## Exercise instructions
The lines below from the one with "Compostable Molded Fiber" up to and including the one with "Primera serie de" are what you should set down, exactly and without pictures.

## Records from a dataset
======
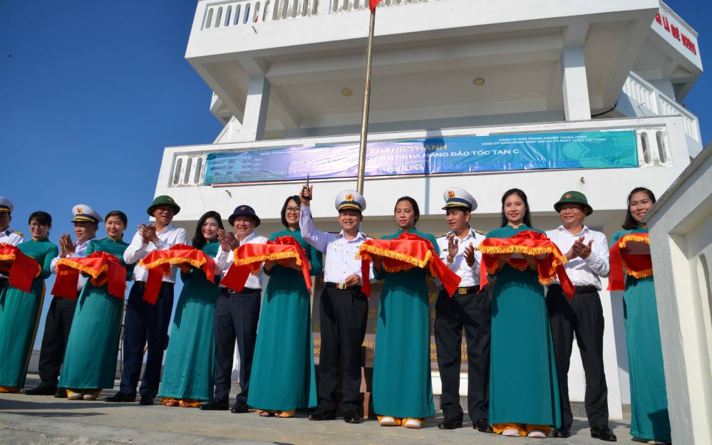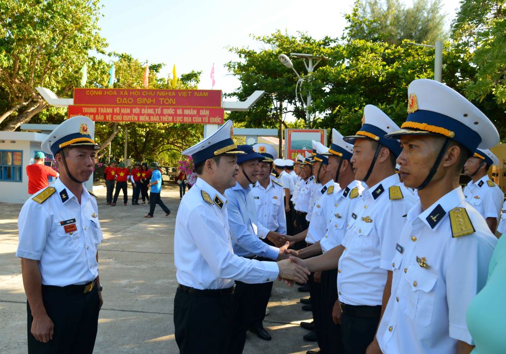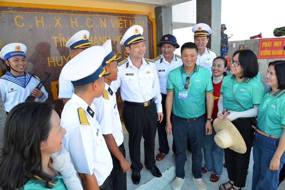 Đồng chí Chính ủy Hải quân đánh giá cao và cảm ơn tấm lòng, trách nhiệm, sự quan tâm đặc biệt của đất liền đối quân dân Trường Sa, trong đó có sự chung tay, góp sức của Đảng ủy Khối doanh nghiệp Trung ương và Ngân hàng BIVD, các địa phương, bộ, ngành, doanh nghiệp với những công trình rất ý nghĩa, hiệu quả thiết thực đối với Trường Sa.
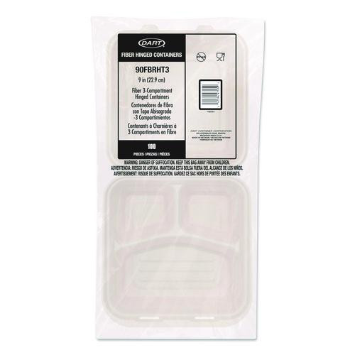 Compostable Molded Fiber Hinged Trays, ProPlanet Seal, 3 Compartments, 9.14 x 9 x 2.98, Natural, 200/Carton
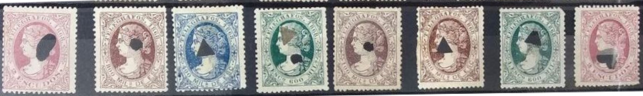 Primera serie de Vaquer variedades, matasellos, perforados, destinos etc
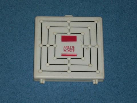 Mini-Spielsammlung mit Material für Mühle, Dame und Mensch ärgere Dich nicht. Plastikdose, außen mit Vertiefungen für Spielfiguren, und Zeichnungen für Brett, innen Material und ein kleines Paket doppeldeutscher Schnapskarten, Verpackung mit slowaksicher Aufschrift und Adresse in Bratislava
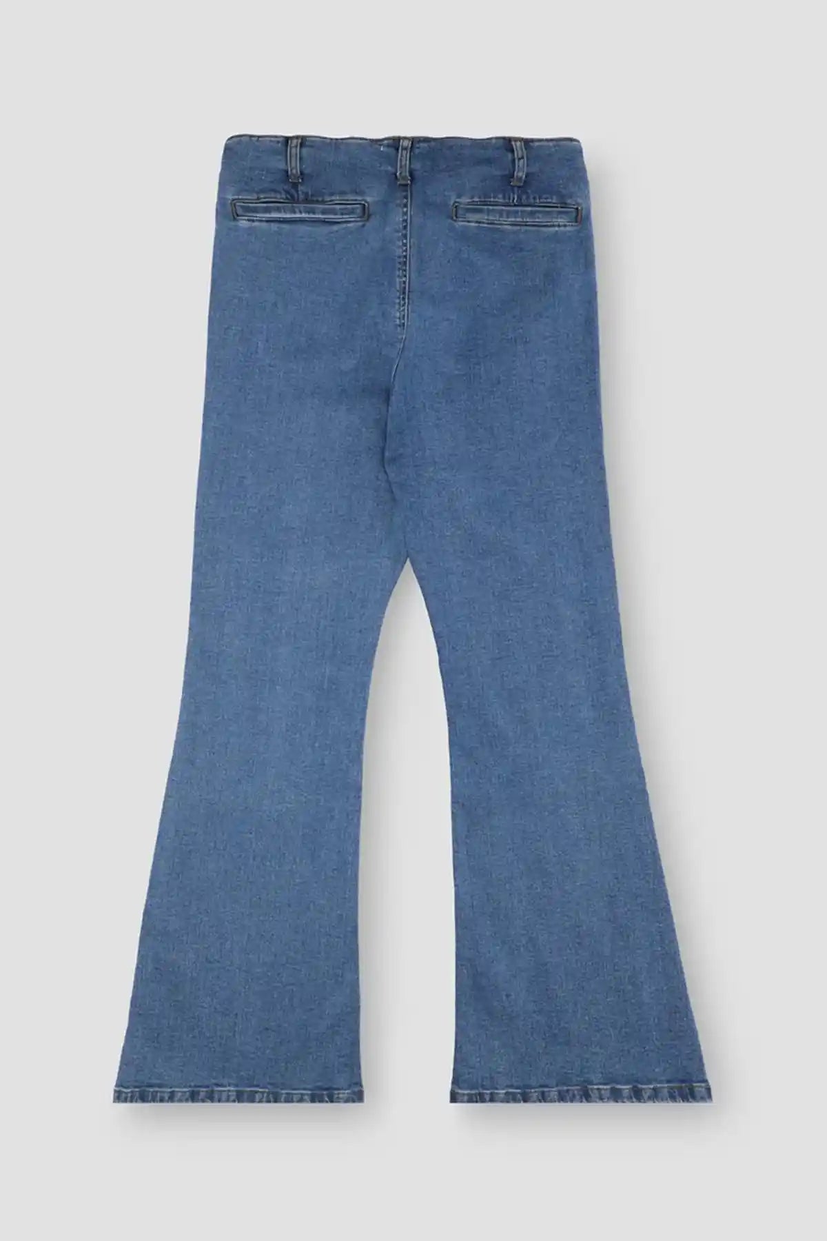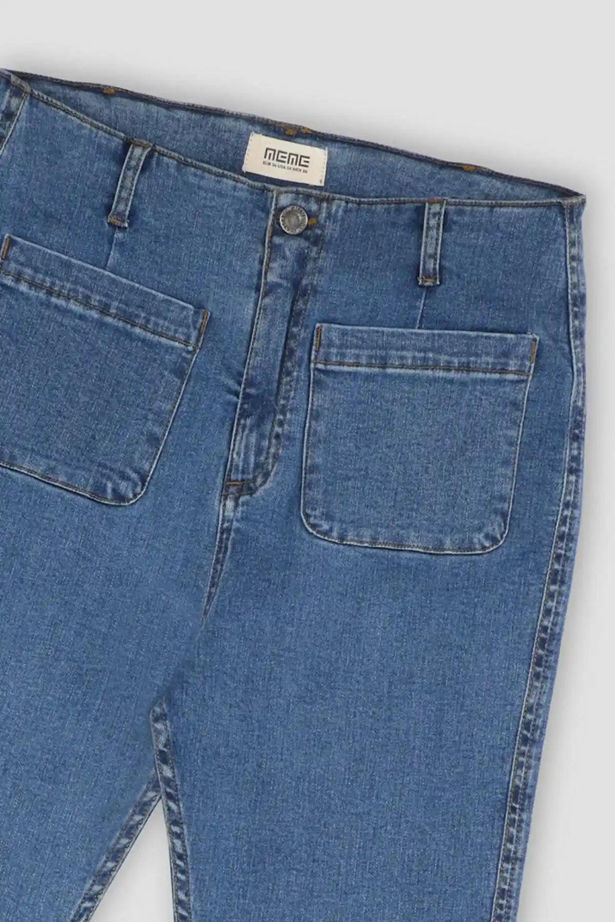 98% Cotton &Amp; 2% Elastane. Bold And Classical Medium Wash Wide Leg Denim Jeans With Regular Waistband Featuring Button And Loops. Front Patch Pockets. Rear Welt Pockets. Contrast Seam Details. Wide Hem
======
## Exercise result
 Compostable Molded Fiber Hinged Trays, ProPlanet Seal, 3 Compartments, 9.14 x 9 x 2.98, Natural, 200/Carton
 Primera serie de Vaquer variedades, matasellos, perforados, destinos etc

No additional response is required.